----- Entries shown

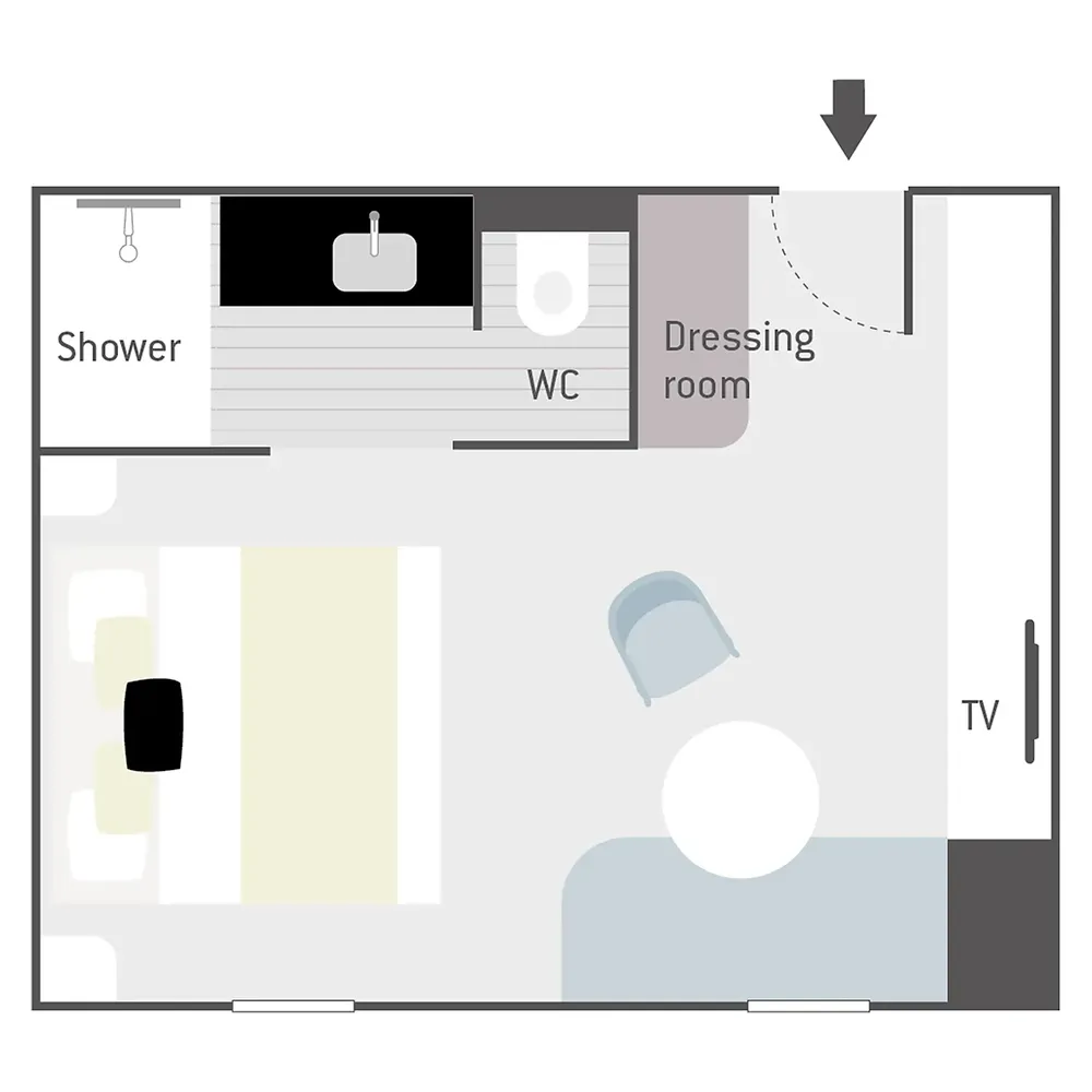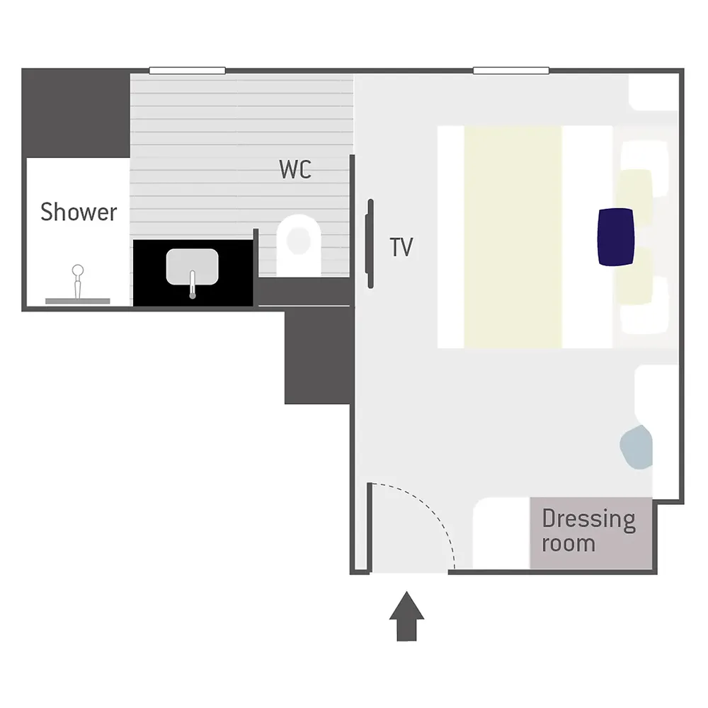 • Спальня с кроватью размера "king-size" (180 х 200 см) или двумя односпальными кроватями (90 х 200 см)
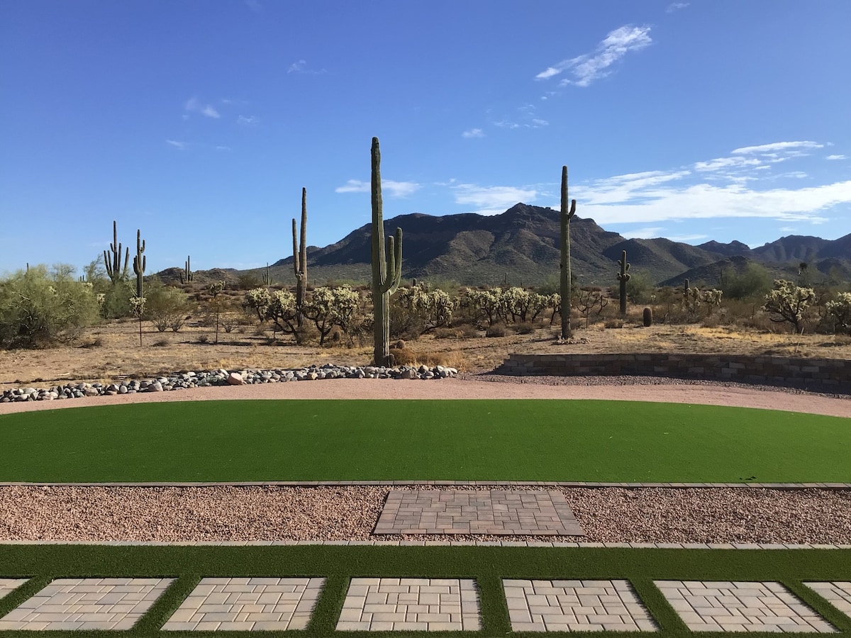 🏊 Ganzjährige Entspannung im beheizten Salzwasserpool & Spa (sanft zu Haut/Augen) 🔥 Gemütliche Feuerfunktionen 🍳 Voll ausgestattete Küche + Propan-Grill im Freien 🎱 Spielzimmer mit Billardtisch, Tischfußball, Darts und Großbildfernseher 🌞 Essbereich im Freien und Bar, um das Wetter in Arizona zu genießen 📺 Outdoor-TV für Spiele/Filme, während du im Spa badest 🚗 Einfache Anbindung an 2 große Autobahnen 🎨 Kunstvoll und einzigartig eingerichtet Resort-ähnlicher Urlaub in Phoenix (Glendale Mailing) – perfekt für Familie, Golfreisen & Urlaub
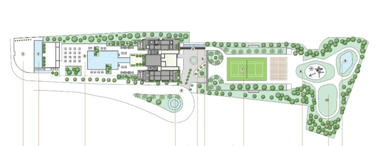 Penthouse for sale in a luxury residential complex in the center of Limassol, in a prestigious and quiet area of the tourist area, about 500 meters from the sea. The height of the structures reaches 8 floors. The structures of the buildings are designed in such a way that they encircle the landscaped garden located in the center of the project itself. There are also beautiful and spacious park areas for walking around the complex. The design idea is based on the principle of interaction of two elements – natural nature and the world created by man. The building has a stepped shape, in its visual concept resembles the silhouette of a grandiose yacht, where the terraces of each floor descend according to the cascade principle: from the highest point down. A striking element of the architecture is the wide balustrades that encircle each floor, thereby emphasizing the use of horizontal lines in the design. All residents will be able to enjoy the privacy of a gated complex with hotel infrastructure, including concierge service, SPA, outdoor swimming pool, indoor heated pool, gym, landscaped gardens, playground and a children’s club with a playroom.Main advantages:a landmark architectural project of one of the leading London bureaus;500 meters from the sandy beaches and infrastructure of the popular tourist area of Limassol;internal infrastructure of the hotel type: outdoor swimming pool, indoor heated pool, SPA, gym, concierge services, club locker room, underground parking, large landscaped gardens, playground for children;high ceilings (3.15 m);high-quality finishing materials (parquet, 2.4 m high doors, safe entrance doors, thermo-aluminum window frames, high-quality built-in furniture, plumbing);water underfloor heating and VRV air conditioning.This penthouse is located on the third floor and includes:Bedrooms: 3Bathrooms: 2Covered veranda: 105 m2Outdoor veranda: 22 m2Shared swimming pool
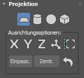 Die Optionen im Rollout Projektion (obere Zeile) von links nach rechts:
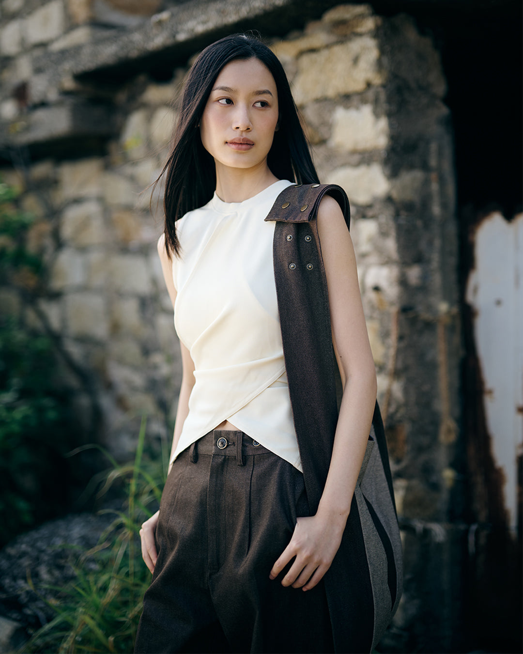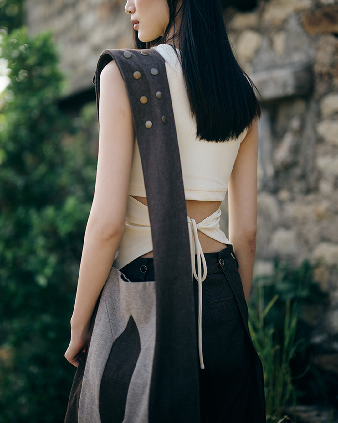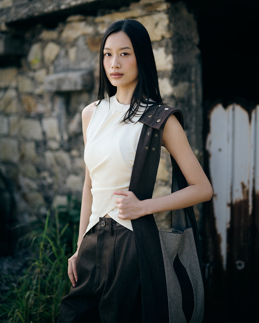 The brown denim crossbody bag is inspired by a traditional Indigenous style, with a unique hexagon panel cut featuring the initials W, H, Y. The addition of snap buttons on the shoulder strap allows for versatile wear as a shoulder bag or crossbody bag, making it a practical and stylish choice.
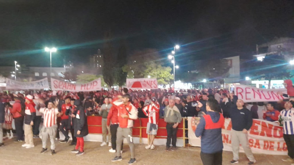 La convocatoria, que estuvo a cargo de filiales y peñas para “exigir respuestas claras”, fue a las 20 horas sobre avenida López y Planes frente al ingreso a la sede social del Tatengue. Allí, un centenar de simpatizantes exigió con cánticos y banderas la realización de una asamblea para aprobar Memoria y Balance y que se resuelva el inconveniente con las inhibiciones. Además, cuestionaron la falta de refuerzos de jerarquía y la partida de jugadores que fueron claves en las últimas campañas.
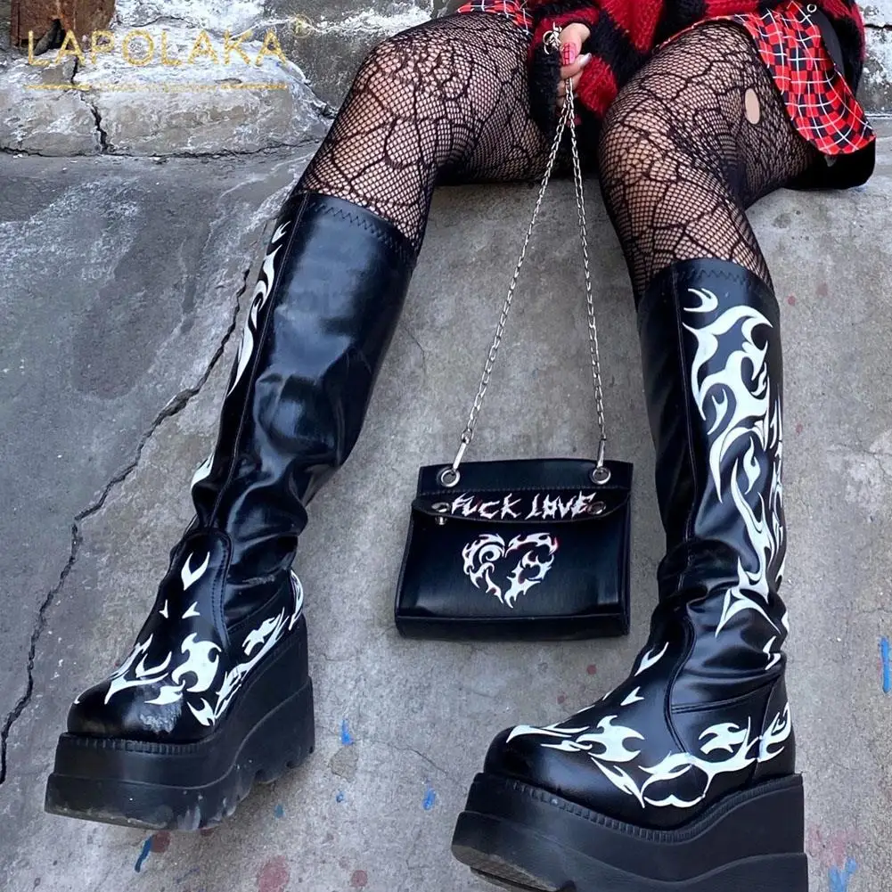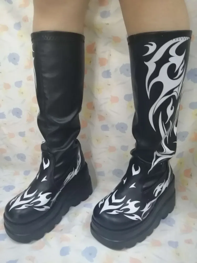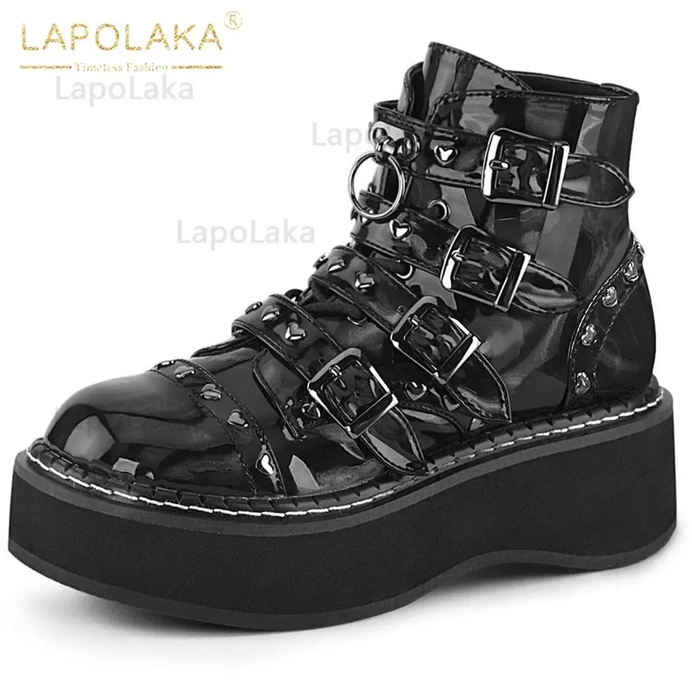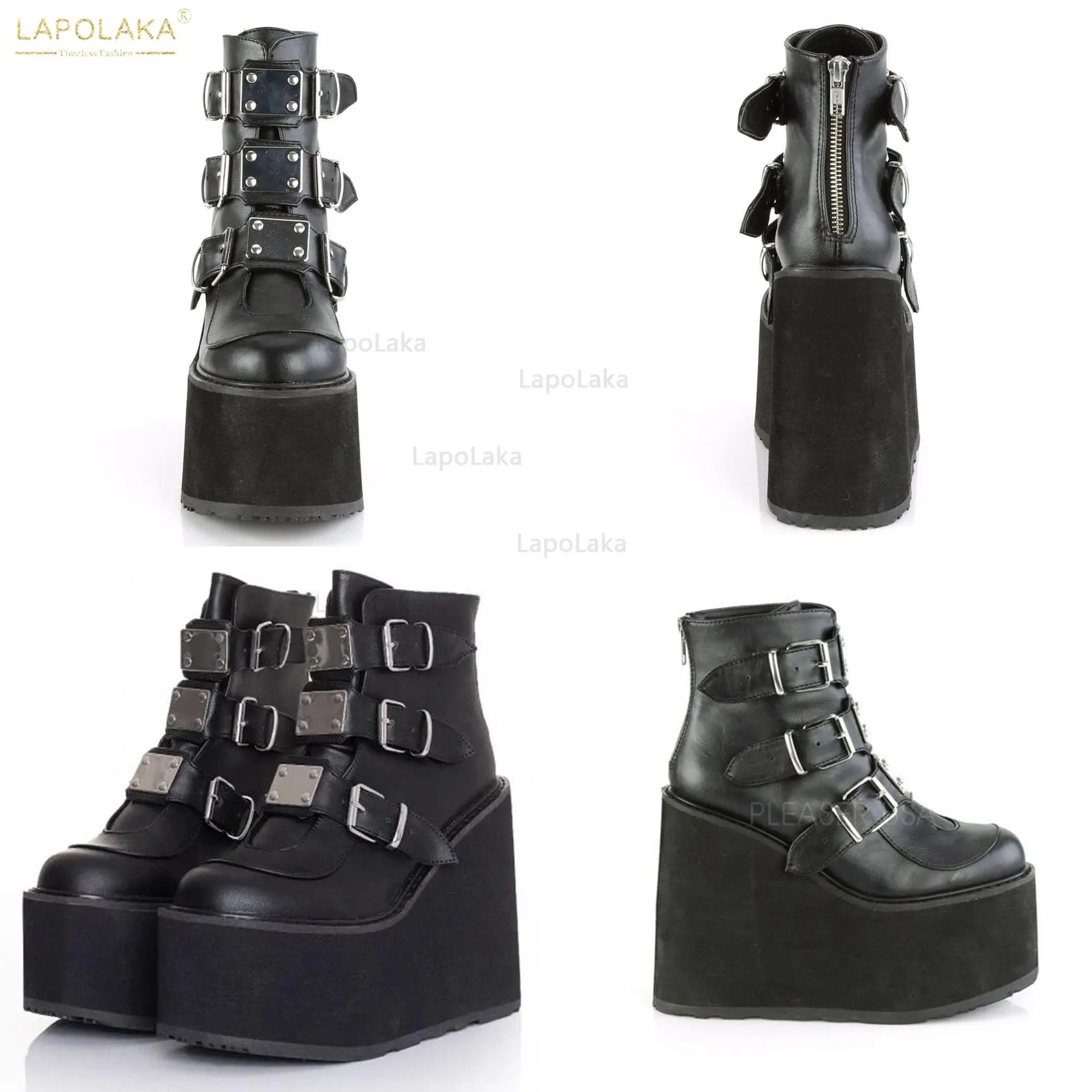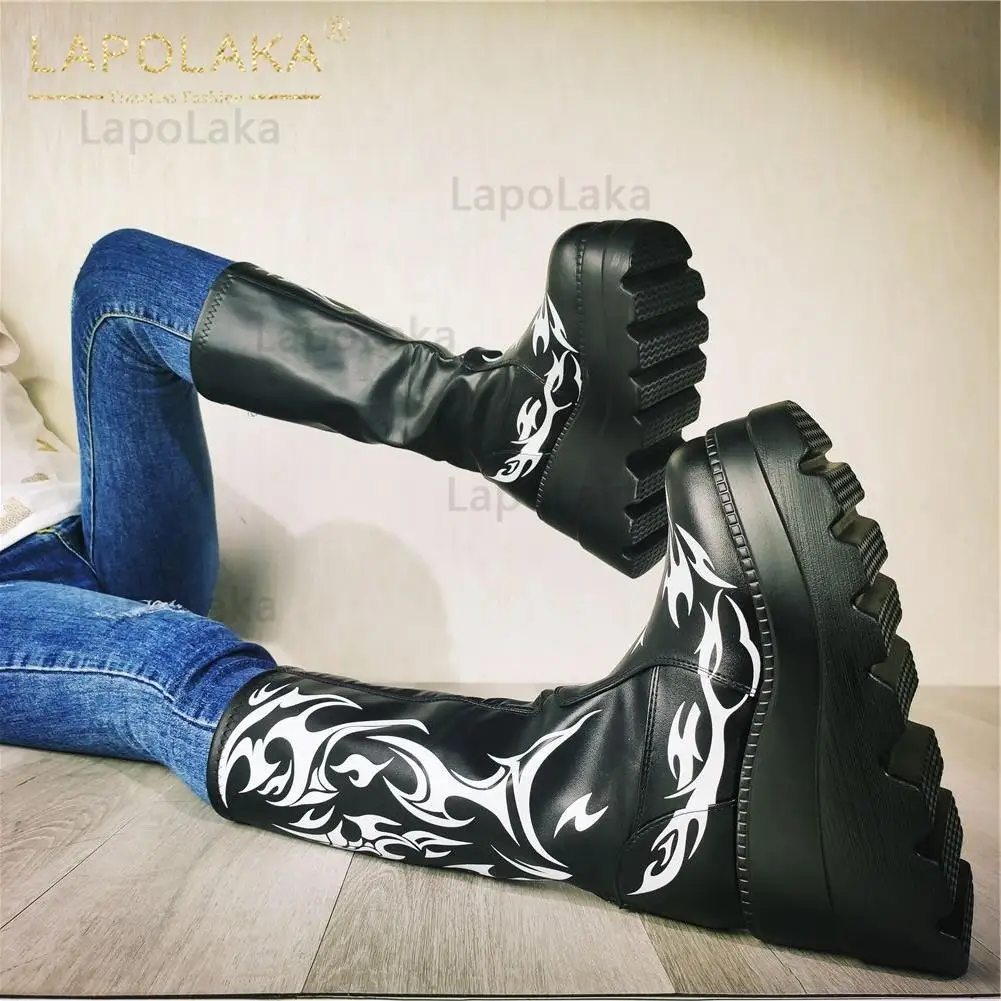 Женские мотоциклетные ботинки, черные ботинки на платформе и высоком каблуке, большой размер 34-50, 2021

----------

--- Exercise description ---
Please quote exactly the run of lines that starts the entries and ends at the line containing "Golfreisen & Urlaub", leaving out every picture.

--- Worked solution ---
 • Спальня с кроватью размера "king-size" (180 х 200 см) или двумя односпальными кроватями (90 х 200 см)
 🏊 Ganzjährige Entspannung im beheizten Salzwasserpool & Spa (sanft zu Haut/Augen) 🔥 Gemütliche Feuerfunktionen 🍳 Voll ausgestattete Küche + Propan-Grill im Freien 🎱 Spielzimmer mit Billardtisch, Tischfußball, Darts und Großbildfernseher 🌞 Essbereich im Freien und Bar, um das Wetter in Arizona zu genießen 📺 Outdoor-TV für Spiele/Filme, während du im Spa badest 🚗 Einfache Anbindung an 2 große Autobahnen 🎨 Kunstvoll und einzigartig eingerichtet Resort-ähnlicher Urlaub in Phoenix (Glendale Mailing) – perfekt für Familie, Golfreisen & Urlaub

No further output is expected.